Единственное, что удивляет: в банке все идет, будто ничего ровным счетом не произошло. Люди деньги несут, другие, напротив, берут, служащие считают и бумаги выписывают, наш брат, начальник, подписывает эти бумаги и от времени до времени требует от курьеров чаю… Телефонная станция, хотя и с перерывами, соединяет, трамваи, по слухам, завтра начнут движение, прочее же все на вид вообще спокойно. Толпы с флагами, все эти люди с бантами и с какими-то цветными кокардами на груди — сами по себе, а обычная жизнь сама по себе. Вот по Неглинной солдат идет с винтовкой, которую тащит за собою по грязному снегу, как костыль, стыдно смотреть, а вот на углу Кузнецкого дама с круглой шляпной картонкой садится на извозчика, осторожно подбирая юбку, милая картинка. Вот манифестация на Воскресенской площади кричит и флагами машет, а вот на Тверскую из кофейни два приличных господина вышли и стоят, беседуя и дымя сигарами. Вот куда-то бежит прапорщик, весь в портупеях и бантах, всех толкая и у всех прося прощения, а вот хмурый, но тоже в банте городовой спешит близко к стенам домов, но мальчишки все равно за ним бегут и свищут… Очередей за хлебом стало меньше, хотя и хлеба дают меньше, чем при сброшенной власти. К вечеру на улицах и вообще пусто, то ли боятся люди выходить, то ли нужды нет — не то положение, чтобы по театрам и ресторанам ходить. Однако у кинема народу толпы…

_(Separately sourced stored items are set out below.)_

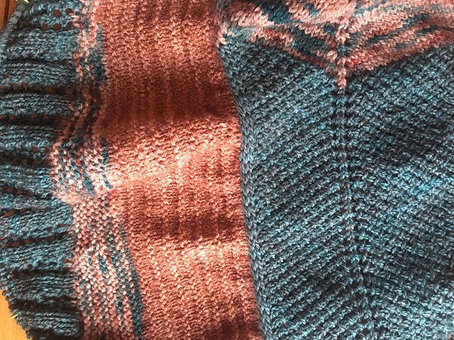 Marsha continues to work on Cloud Cover by Heidi Kirrmaier. It has an unusual construction. Knit yoke, then sleeves, then body, then collar. Marsha is hoping she doesn’t run out of yarn before that big shawl collar is done.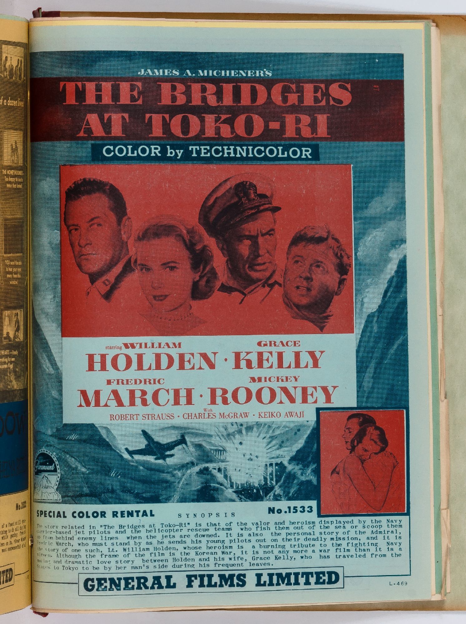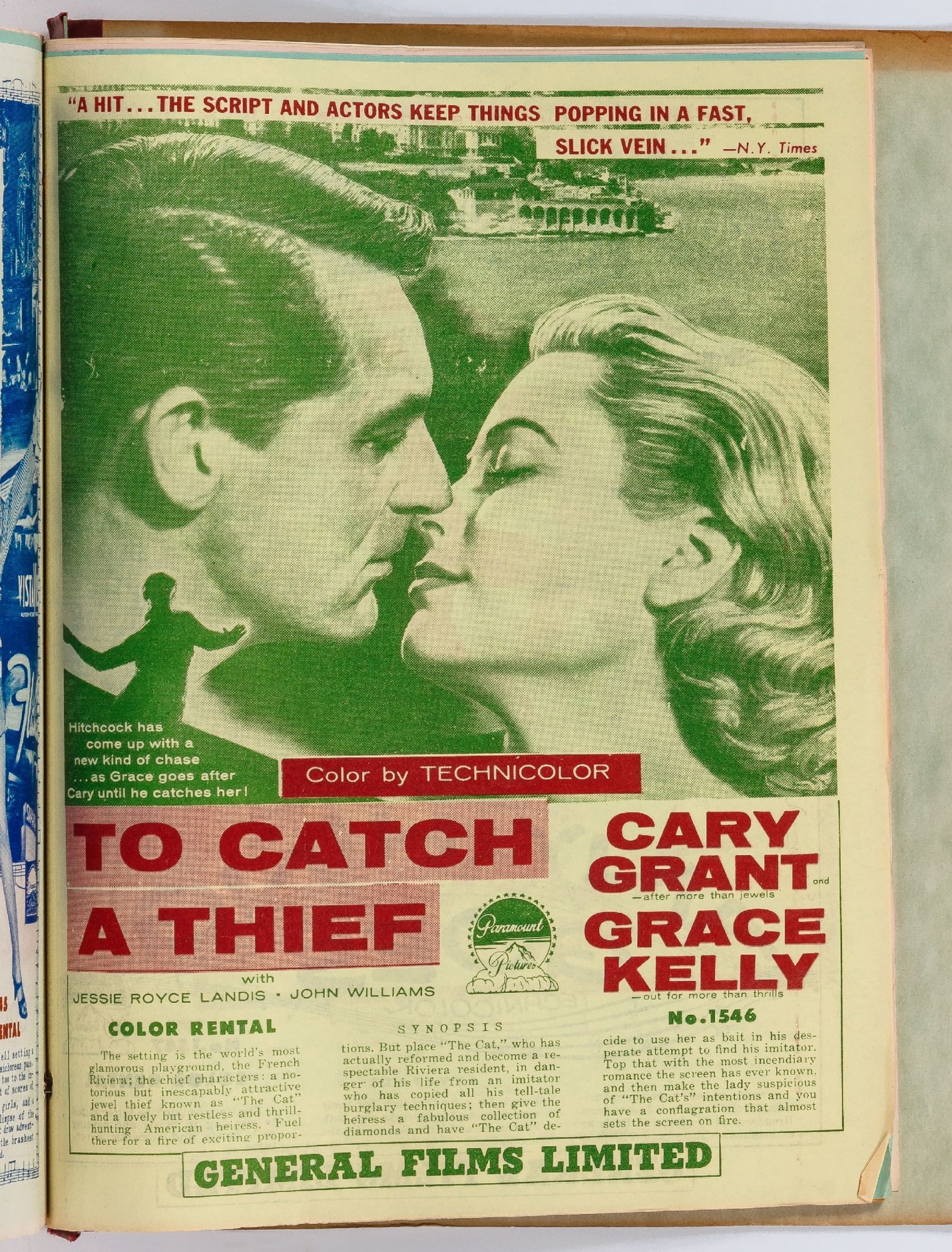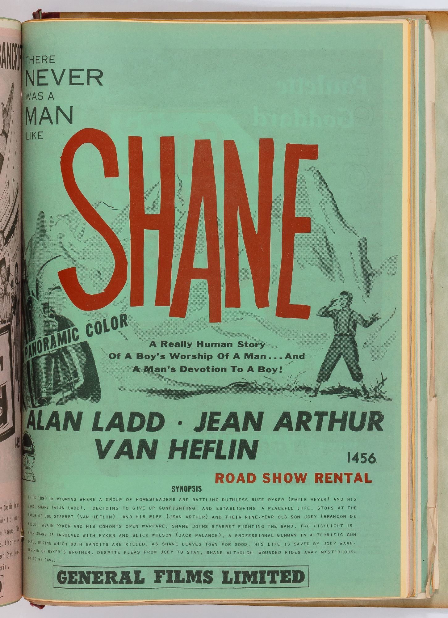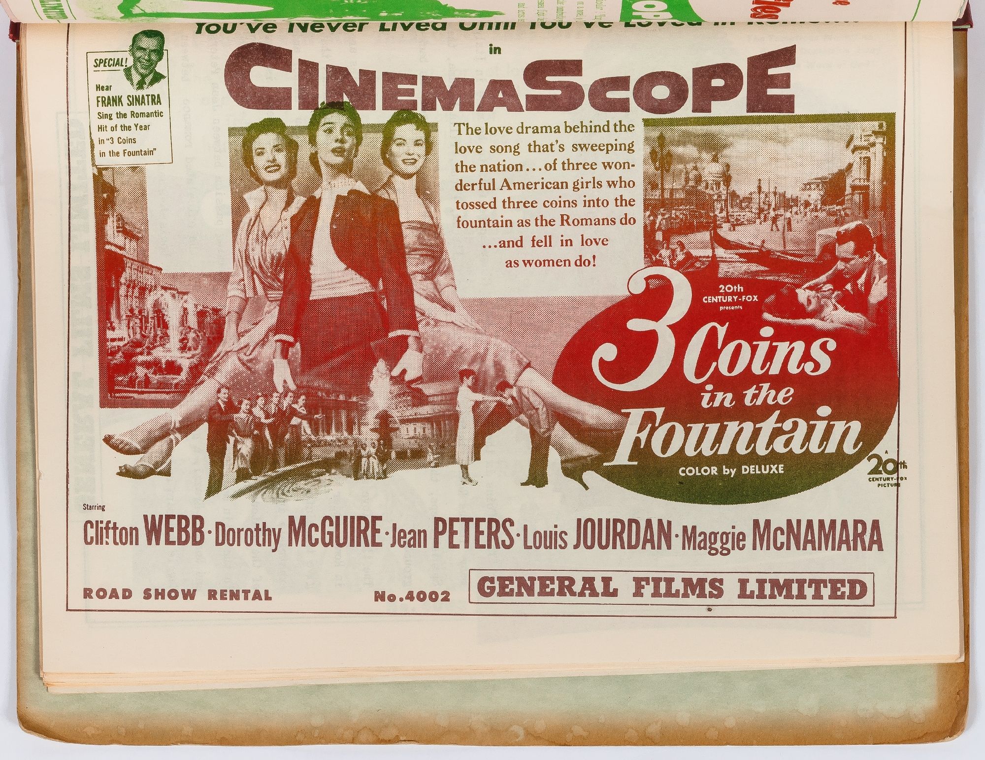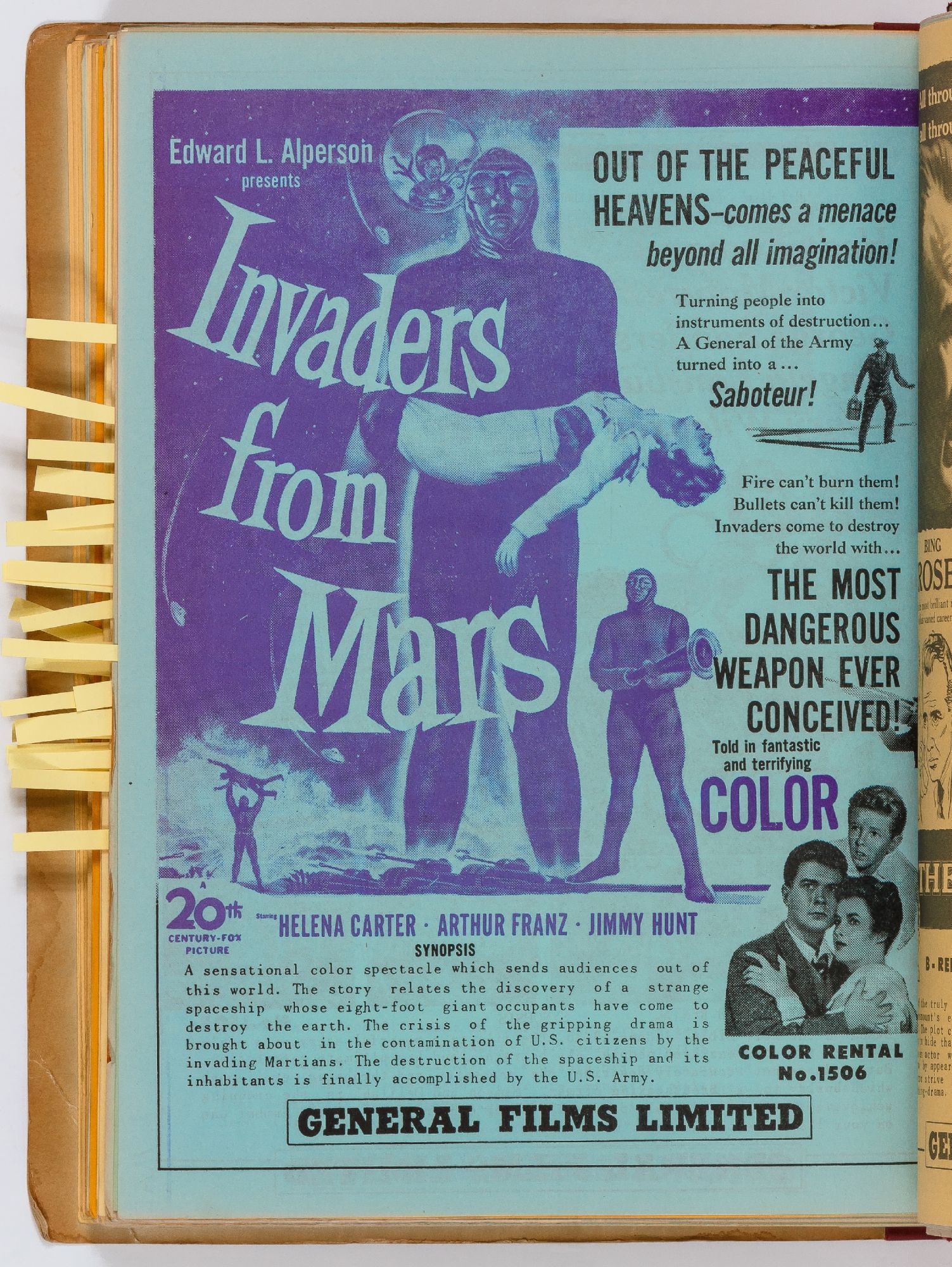 Toronto: General Films Limited, 1954. Softcover. Very Good. Quarter. Prong bound quarter canvas and printed oak tag wrappers. [8]pp. of Legion of Decency ratings, followed by [548]pp. (274 leaves printed both sides) of flyers or advertisements for individual films. A few stains on the wrappers, very good; internally one page is detached, trimmed, and written on, else fine.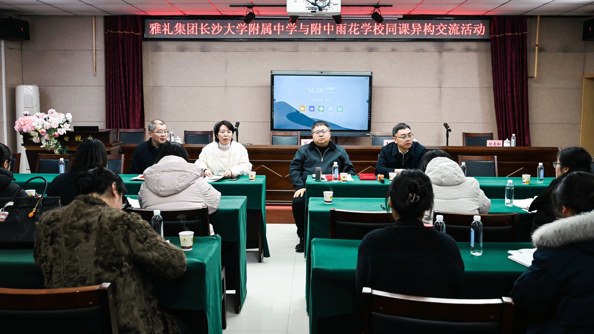 2026年1月8日,长沙大学附属中学(以下简称“长大附中”)与湖南师大附中雨花学校在长大附中联合举办“智慧课堂·同课异构”校际教学交流活动。两校高中语文、物理教师全员参与,长沙市教育科学研究院学科教研员刘兵、周煌军现场指导,共同呈现了一场聚焦信息技术与教学深度融合、推动课堂智慧化转型的深度研讨。
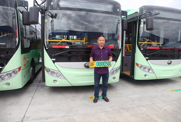 與小型新能源車不同的是,大型新能源汽車專用號牌底色采用黃綠雙拼色,前五位使用數(shù)字,第六位啟用字母,D代表純電動新能源汽車,F(xiàn)代表非純電動新能源汽車。新能源汽車號牌采用了新的防偽技術(shù)和制作工藝,含有防偽底紋暗記、二維碼、激光圖案等,號牌輪廓尺寸和普通汽車號牌也有不同。新能源車號牌與宏運(yùn)公交的純電動公交車身綠色圖案相呼應(yīng),凸顯了綠色、環(huán)保、科技的理念。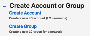If you have never used LC resources before or you'd like an additional LC account, you will click on Start New Request and then use the "Create Account or Group" set of requests: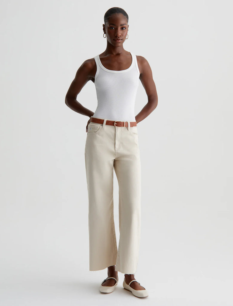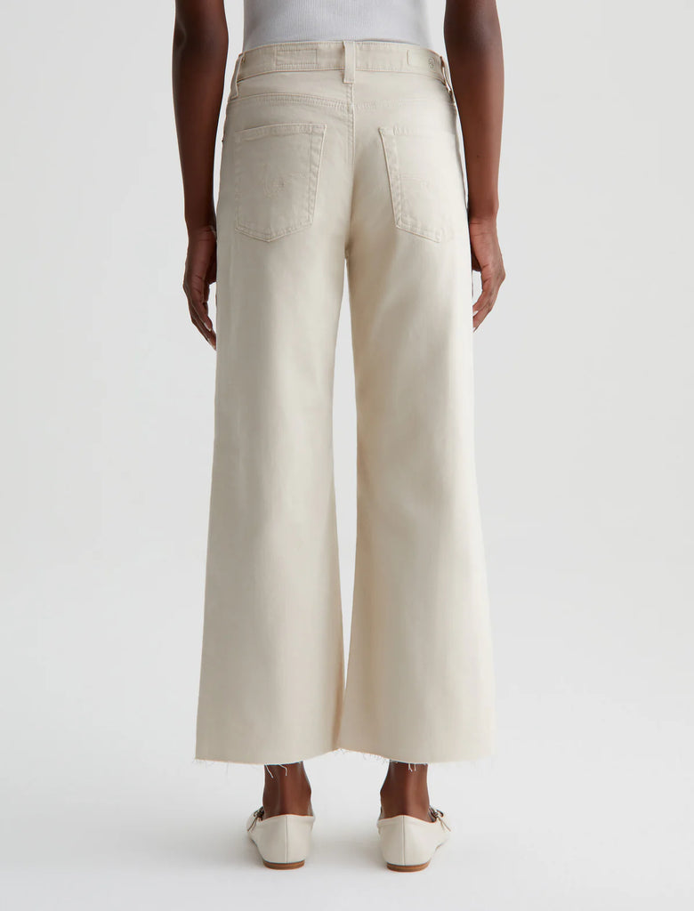 The Saige Wide Leg Crop is an off-white mid-rise jean with loose, cropped legs and raw hems. These women's wide-leg jeans come in our 8.7 oz. Hyper Soft Bull Denim featuring dual-elastic for supreme comfort and advanced recovery. AG Cloud Soft Denim™ fabrics feature special left-hand twill construction that allows the yarns to gently relax and untwist for a luxe, supple feel. It's designed to get even softer the more you wear it.

Все. Ни слова больше об этом. Это все я ни знать не хочу, ни описывать. Без меня сыщутся летописцы, наврут с три короба, а этой тетради через недолгое время найдется место в печи, так для чего ж писать о революции? Она еще только началась, еще не развернулась во всю силу, так что самое важное еще впереди, но я и о том писать не стану. Теперь уж только о своей жизни, покуда она идет.

Вчера днем ходил на Покровку, там встретились вблизи номеров. Она будто и не помнит обиды… Но уединяться не стали, и ей, и мне было не по себе, тяжело на душе, и мы, не сговариваясь, сразу направились в кофейню на углу да там и просидели два с лишним часа. Почти даже не разговаривали и не смотрели друг на друга прямо, а все больше в чашки и в стол, только поднимем глаза — и снова вниз. Наконец я через силу спросил ее, как дела в службе у мужа. Она не удивилась, ответила спокойно, что дела идут, как и прежде шли в последние месяцы, то есть покупающих все меньше из-за дороговизны, и приказчиков требуется меньше, так что из его отделения охотничьих предметов уже двоих уволили. И он сам хочет прежде времени получить от владельцев пенсион, даже и неполный, и жить спокойно на эти деньги и скопленное, да еще, если будет нужда, сдавать комнаты в первом этаже студентам. На скромное житье хватит.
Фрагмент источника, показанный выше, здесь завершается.